In [1]:
# Render our plots inline
%matplotlib inline
%pylab inline
import numpy as np
import pandas as pd
import matplotlib as mpl
import matplotlib.pyplot as plt
import matplotlib.mlab as mlab
# General Plotting Parameters
mpl.rcParams['figure.figsize'] = (8,5)
mpl.rcParams['lines.linewidth'] = 2.5
mpl.rcParams['font.weight'] = 'bold'
mpl.rcParams['axes.linewidth'] = 1.5
mpl.rcParams['font.size'] = 14.
mpl.rcParams['legend.fontsize'] = 12.
mpl.rcParams['axes.labelsize'] = 12.
mpl.rcParams['xtick.labelsize'] = 10.
mpl.rcParams['ytick.labelsize'] = 10.
mpl.rcParams['xtick.minor.pad'] = 4
mpl.rcParams['xtick.direction'] = 'out'
mpl.rcParams['ytick.direction'] = 'out'
#Git says this is patched, but it doesn't work from Pip --upgrade 26-mar-2015
#mpl.rcParams['xtick.minor.visible'] = True
# These are the "Tableau 20" colors as RGB.

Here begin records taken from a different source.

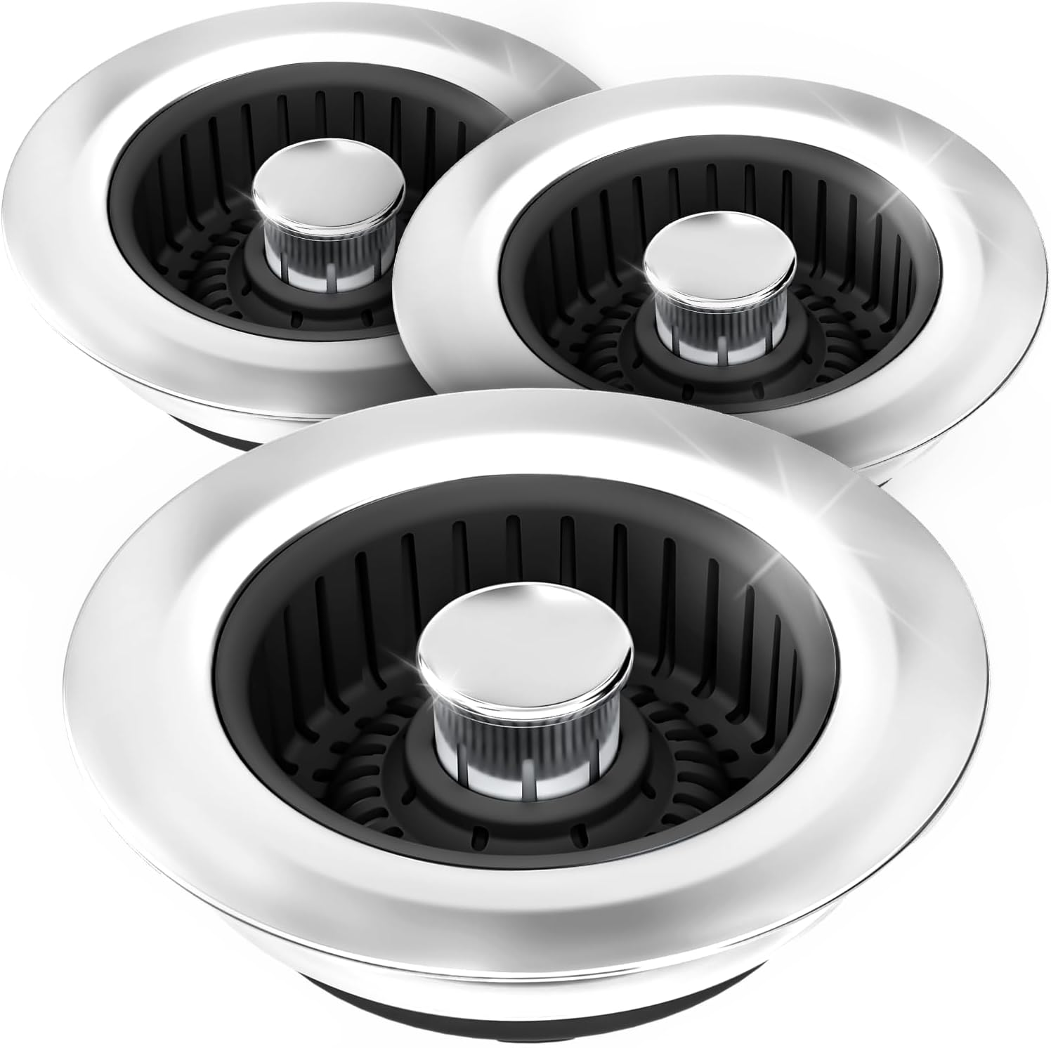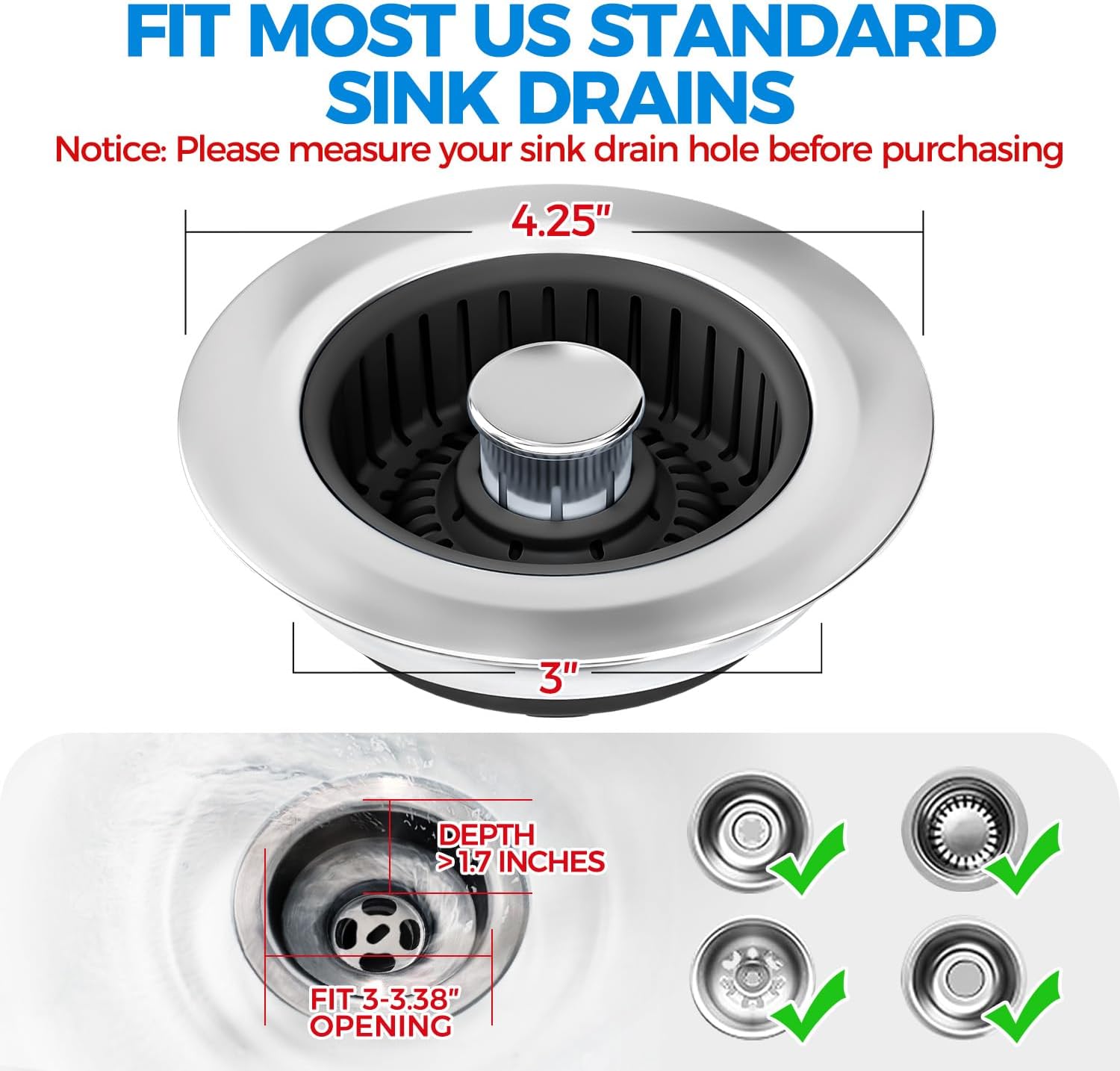 - 【תאימות אוניברסלית לניקוזי כיור סטנדרטיים בארה"ב】 פקק כיור מטבח זה מודד 3 אינץ'-3.38 אינץ', מתאים לרוב חורי הניקוז הסטנדרטיים בארה"ב בקוטר 3-1/2 אינץ'. אנא מדדו את גודל חור הניקוז בכיור שלכם לפני הרכישה.
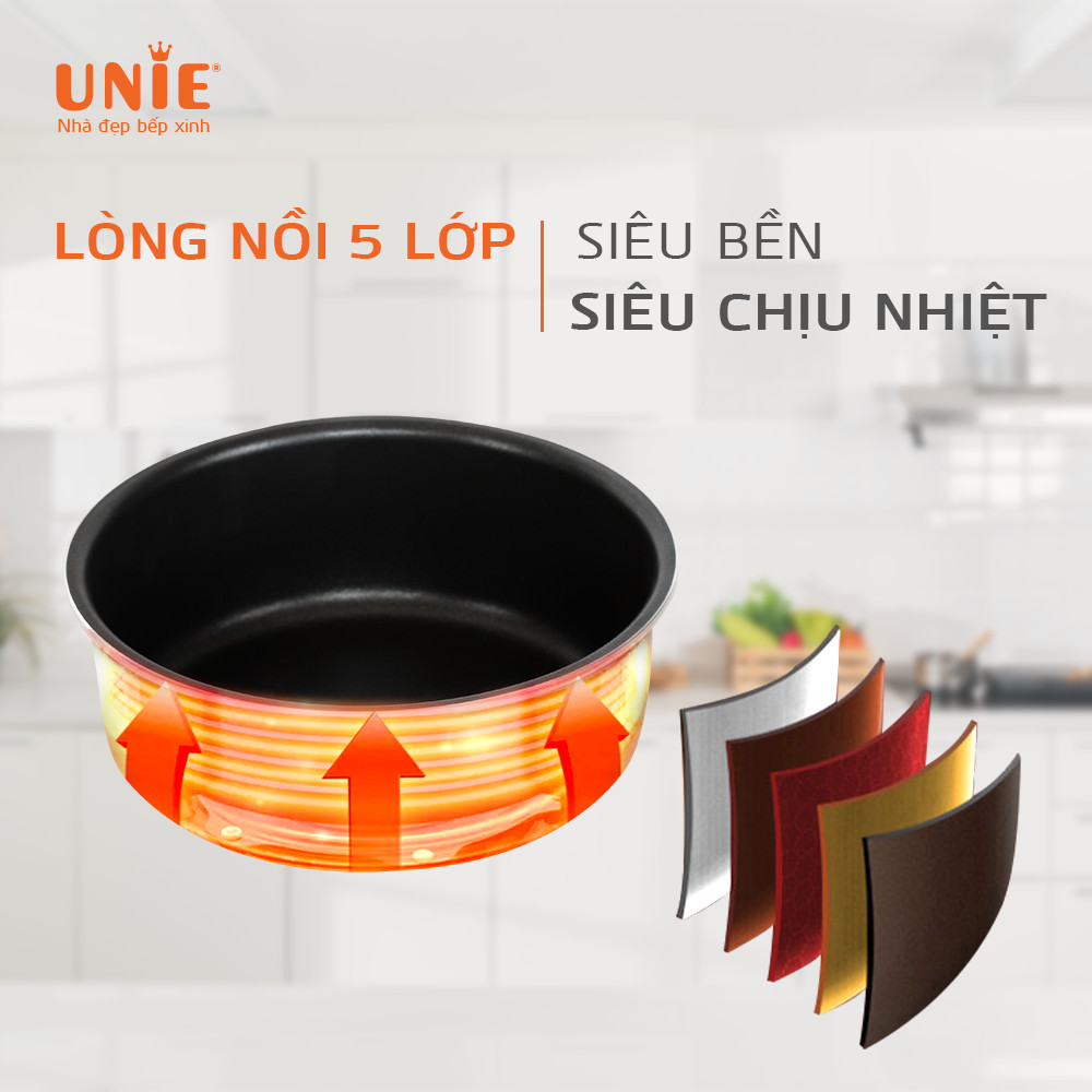 Lòng nồi Unie UN-630 cấu tạo 5 lớp siêu bền, chống móp méo
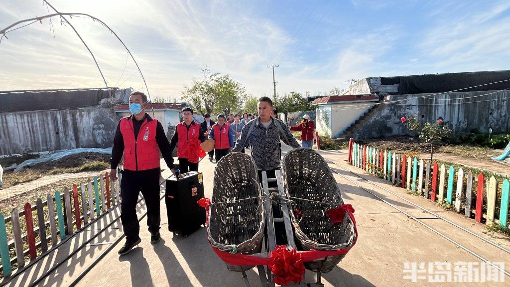 现场只见工作人员推着一个绑满红绳的农用推车,兴高采烈地来到地头,游客们簇拥在身后。九龙山采摘研学基地的负责人李春花解释道,“民间有‘娶白菜’的传统仪式。俗话说,小雪出白菜。在小雪时节‘娶’一棵白菜回家,会觉得心里有底气,意味着有饭吃。白菜的寓意也特别好,白头到老,发‘百财’。所以,就有了‘娶白菜’的仪式。”
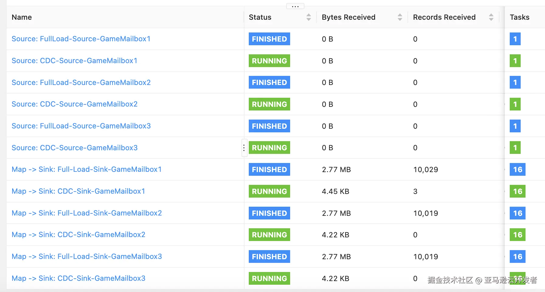 Flink UI 界面可以看到,全量 Full load 和增量 CDC 任务正常运行:

tableau20 = [(31, 119, 180), (174, 199, 232), (255, 127, 14),
(255, 187, 120), (44, 160, 44), (152, 223, 138),
(148, 103, 189),
(197, 176, 213), (140, 86, 75), (196, 156, 148),
(227, 119, 194), (247, 182, 210), (127, 127, 127),
(199, 199, 199), (188, 189, 34), (219, 219, 141),
(23, 190, 207), (158, 218, 229),(214, 39, 40), (255, 152, 150)]
# Scale the RGB values to the [0, 1] range,
# which is the format matplotlib accepts.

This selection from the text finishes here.